Je vous avertis d’emblée, ceci n’est pas un texte portant sur la COVID-19… enfin presque pas. C’est plutôt un texte sur les opportunités qui nous entourent. 

Francis Huneault Francis Huneault
Diplômé en design à l’UQAM, œuvrant en développement d’affaire, Montréal

On le constate tous, une pandémie, ça force les changements. Personne n’a voulu cela, mais nous nous sommes tous retranchés sur nous-mêmes, nous nous sommes adaptés.

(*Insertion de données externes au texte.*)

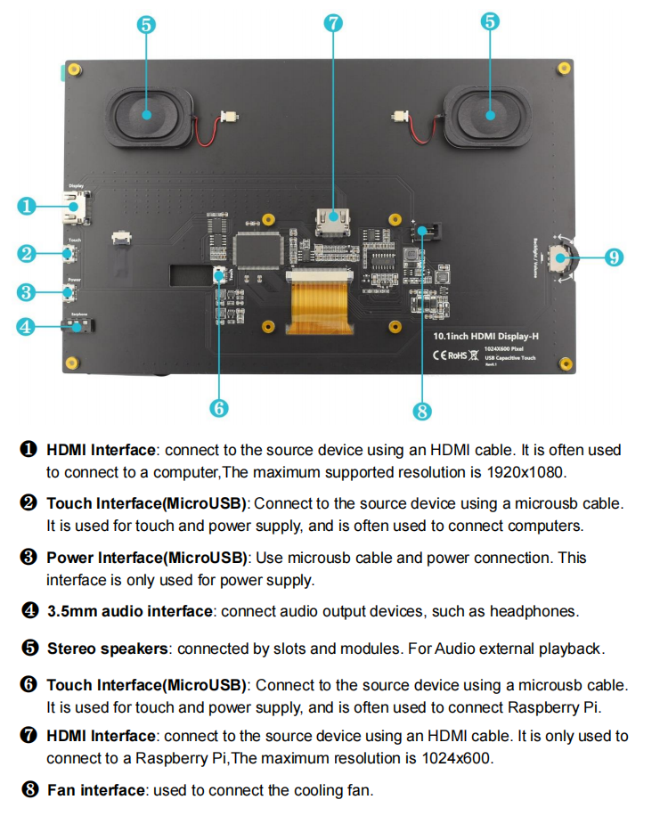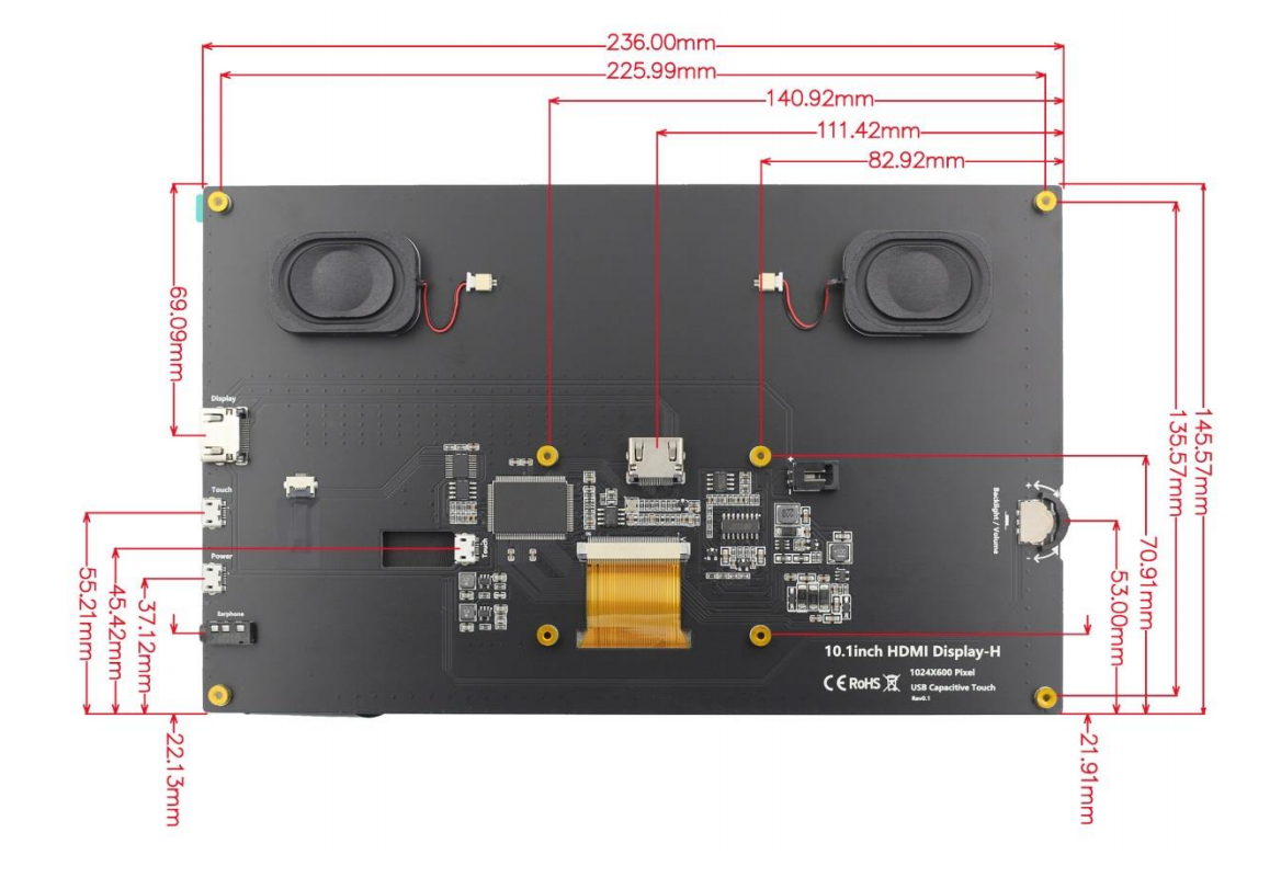 10.1寸IPS触摸显示器1024*600 HDMI接口带立体声扬声器

On l’a même fait rapidement ! Pour plusieurs, ce changement rime avec télétravail. Il y a un mois, on pouvait être pour ou contre cette manière de travailler, mais on avait encore le choix. Lorsque c’est devenu une obligation, je n’ai entendu personne se plaindre. Nous nous sommes remonté les manches, nous nous sommes construit des bureaux de fortune et nous avons expérimenté la vidéoconférence. Et si la pandémie avait un effet inattendu et durable sur nous ?

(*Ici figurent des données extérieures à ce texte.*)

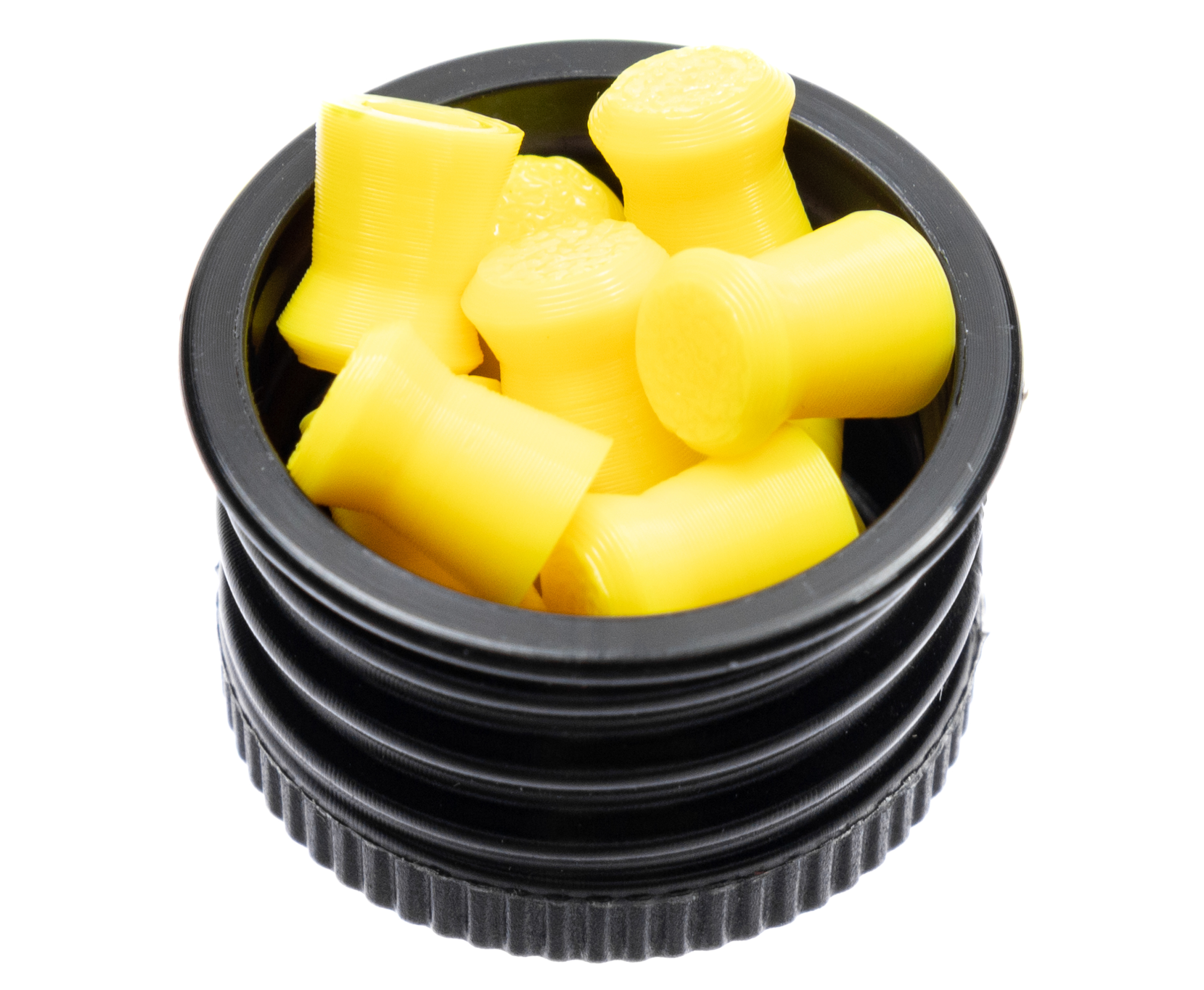 Плоскоголовая конфигурация головки стабилизирует вектор движения на начальном этапе траектории, повышая кучность попаданий. Благодаря желтому цвету "воланчиков" пользователь контролирует результаты стрельбы, а поиск упавших пуль заметно упрощается.

C’est dorénavant bien connu, Montréal se vide de ses familles. Selon l’Institut de la statistique du Québec, en 2017, près de 58 000 personnes ont décidé de quitter l’île alors que seulement 38 000 personnes décidaient de s’y établir. C’est donc 20 000 personnes, majoritairement dans la fleur de l’âge, qui se sont dit « tout sauf Montréal ».

On peut comprendre, avec la difficulté d’accéder à la propriété et le manque de propriétés possédant trois chambres et plus. À cela s’ajoute malheureusement une qualité de vie qui se dégrade d’année en année : travaux routiers, congestion, développement urbain effréné, bruit, diminution de la qualité de l’air, etc. La banlieue et les régions du Québec peuvent évidemment sembler alléchantes ! 

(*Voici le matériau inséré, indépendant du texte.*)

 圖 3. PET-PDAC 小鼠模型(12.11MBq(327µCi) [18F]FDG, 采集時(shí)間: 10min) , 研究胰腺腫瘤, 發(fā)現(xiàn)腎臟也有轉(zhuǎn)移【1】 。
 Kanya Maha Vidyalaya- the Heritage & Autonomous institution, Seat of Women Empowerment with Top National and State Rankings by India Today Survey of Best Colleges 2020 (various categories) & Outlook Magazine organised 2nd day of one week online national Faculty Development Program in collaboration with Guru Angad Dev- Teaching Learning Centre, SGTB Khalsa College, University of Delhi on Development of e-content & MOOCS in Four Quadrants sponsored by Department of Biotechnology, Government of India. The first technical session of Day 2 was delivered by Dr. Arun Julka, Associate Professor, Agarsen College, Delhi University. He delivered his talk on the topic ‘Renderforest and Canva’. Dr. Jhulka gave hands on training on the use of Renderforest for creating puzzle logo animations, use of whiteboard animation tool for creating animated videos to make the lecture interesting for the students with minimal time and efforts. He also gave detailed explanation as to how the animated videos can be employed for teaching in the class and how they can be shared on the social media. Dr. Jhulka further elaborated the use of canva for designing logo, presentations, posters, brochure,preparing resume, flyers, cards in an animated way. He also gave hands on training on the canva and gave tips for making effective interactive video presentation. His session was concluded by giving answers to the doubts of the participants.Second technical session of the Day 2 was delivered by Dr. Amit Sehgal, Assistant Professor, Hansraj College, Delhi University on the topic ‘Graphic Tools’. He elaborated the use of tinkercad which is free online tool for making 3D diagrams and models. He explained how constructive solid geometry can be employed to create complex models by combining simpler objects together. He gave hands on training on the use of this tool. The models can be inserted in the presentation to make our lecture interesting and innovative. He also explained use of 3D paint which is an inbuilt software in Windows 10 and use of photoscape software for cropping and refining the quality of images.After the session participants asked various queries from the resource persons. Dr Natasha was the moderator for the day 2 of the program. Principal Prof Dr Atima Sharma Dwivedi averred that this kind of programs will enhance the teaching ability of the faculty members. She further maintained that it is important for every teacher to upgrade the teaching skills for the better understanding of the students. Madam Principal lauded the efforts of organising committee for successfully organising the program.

Si c’est vrai pour les individus, c’est aussi vrai pour les entreprises. En effet, soucieux du contrôle des coûts et désireux d’augmenter le bien-être de leurs employés, certains entrepreneurs optent finalement pour de nouveaux campus excentrés, un peu à l’image de ce qui se fait dans la Silicon Valley. On n’a qu’à penser à tout ce que cela peut permettre pour en être convaincu : garderie à même le site, gym pour les employés, stationnements pour tous, accès à la nature, proximité de la maison… tout cela à de plus faibles coûts qu’une tour au centre-ville. Oui, c’est attirant !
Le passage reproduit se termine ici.